Networks-Maximum total flow help!

[tcstudent]

asked my teacher, still cant understand it and i have a sac tomorrow and dont know this omg

the question is #6 The maximum total flow from node A to node G

[masonruc]

C

[tcstudent]

i really need to know the procedure of how to find that the answer was actually C?

[brenden]

The thing you want burned into your head is "minimum cut = maximum flow".
I'll explain. Picture you have heaps of cara driving from point A to point G. Each road can only have a certain amount of cars on it before traffic piles up. The instant traffic piles up, the flow of cars begins to slow. If you find the minimum cut, you've found the numbe of cars that can be on the roads before traffic starts to congest. In this case, 23, because that's the smallest number you can make from a 'cut' (or blocking off traffic with a giant line).
Once you have the cut, think of 24 people trying to go through the network. It's fine for the first two roads, but when we get to the cut, one car has to be left out, because 14 goes to 13.
Make sense?

[lala1911]

Wow networks and decision making is so tricky.
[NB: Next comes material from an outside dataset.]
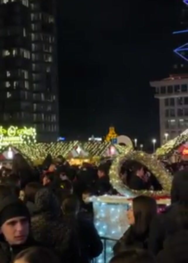 bustling outdoor scene at night. The location appears to be a Christmas market in a city square. Many people are milling around. There are numerous small, brightly lit booths selling goods. A large, decorative moon-shaped structure illuminated with lights stands out in the foreground. In the background are modern buildings and a glimpse of what appears to be an older, golden-domed structure. A tall, metal structure is visible to the right, potentially part of a stage or light system. Most people in the crowd are wearing dark clothing suitable for cold weather. The general atmosphere is festive and crowded.

Now I know how methods students feel when I tell them to just apply for formula.
What was said above is right, but how I like to think of it is:

10 cars go to road B, and from B to E theres 16 lanes, so the 10 can keep progressing, and from E to G, theres 11 lanes, so those 10 can keep progressing to the finish line.

14 cars go to road C, from C to D theres only 13 lanes, so one must drop off, from D to F theres 20 lanes, so the 13 can keep progressing, from F to G theres 22 lanes, so the 13 can eep progressing to the finish line.